There is a sadness to New Jersey. If you’ve lived there you know what I’m talking about. It’s hard to see past the state borders. Things outside of New Jersey just don’t seem possible. Maybe that is why, too often, people never leave New Jersey. They usually wind up just staying put, residing two towns over from where they grew up, still hanging out with the same high school friends. As they get older, their worldview may expand, but often it’s too late. New Jersey has them. To leave it all behind would be to rip themselves from the womb. I was lucky enough to leave when I was 18. Looking back on those that didn’t, I realized that was the sadness of New Jersey: being trapped in place that never offered much promise to begin with. Seeing it now, it always feels like the circus just left town, a pale memory of it drifting down the turnpike.

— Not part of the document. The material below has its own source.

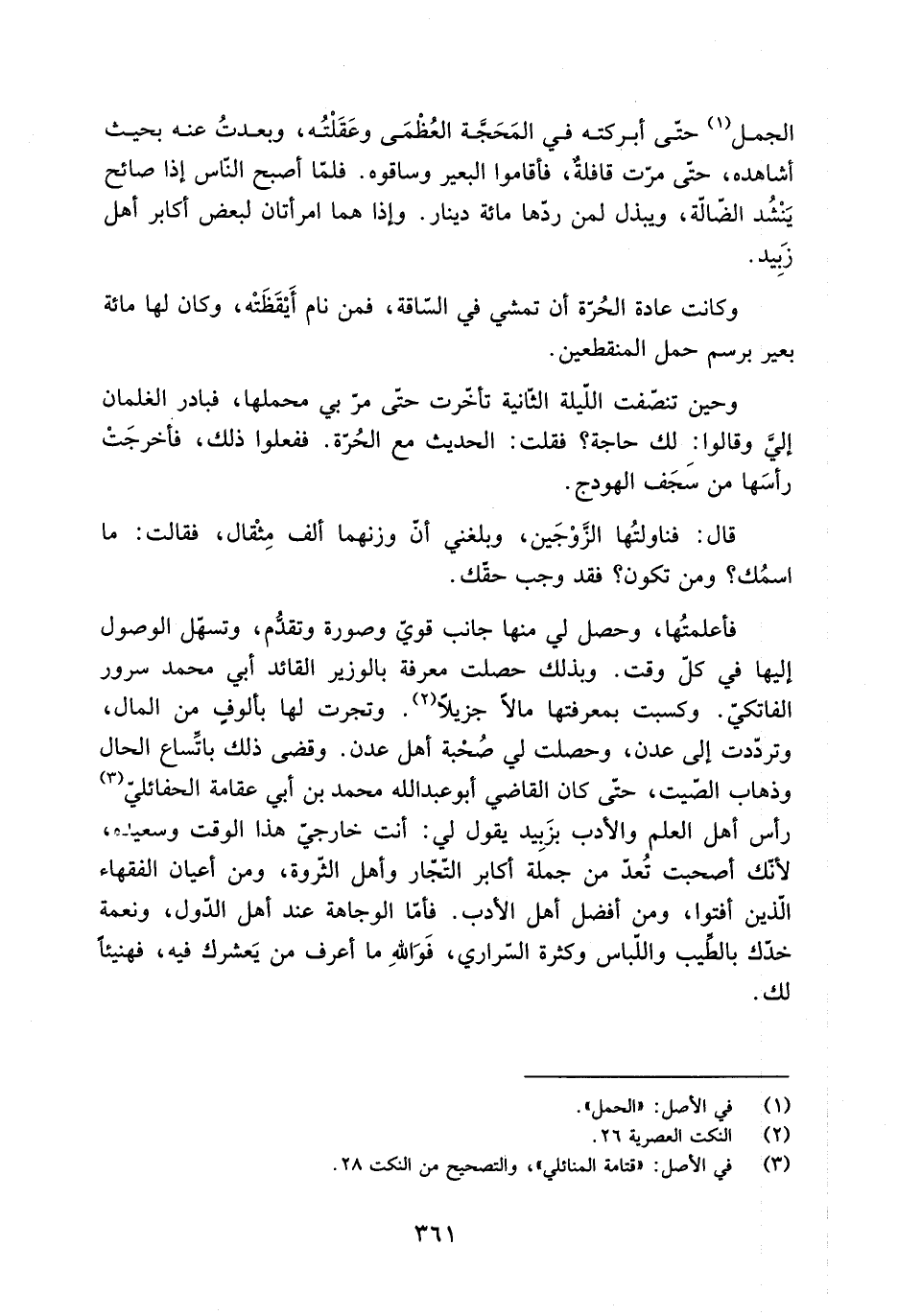 الجمل [1] حَتَّى أبركته فِي المَحَجَّة العُظْمَى وعَقَلْتُه، وبعدتُ عَنْهُ بحيث أشاهده، حَتَّى مرّت قافلةٌ، فأقاموا البعير وساقوه. فلمّا أصبح النَّاس إذا صائح يَنْشُد الضّالَّة، ويبذل لمن ردّها مائة دينار. وإذا هما امرأتان لبعض أكابر أهل زَبِيد.

That sense of sadness is all over Alex Austin’s The Red Album of Asbury Park. It is in the setting: Springsteen-land in the late 1960s, a once thriving seaside getaway, now a rundown hulk of decaying buildings, degenerates, dive bars, thieves, decrepit amusements, gangsters, and junkies. (Go there now and you’ll see not much has changed, except the amusements are gone). It is also in the main character. Vet Sam Nesbitt has just come back from Vietnam. He’s one of the lucky ones. The horrors of war have given him a worldview that goes beyond Ocean Avenue. He wants out. He wants to make something of himself, to escape the ghosts of days past, and not become another lost cause walking the streets of Asbury Park. That’s more than once can say of his binge-drinking mother, his deceased father (who had his own secrets), and his unmotivated brother (or perhaps just motivated in the wrong directions).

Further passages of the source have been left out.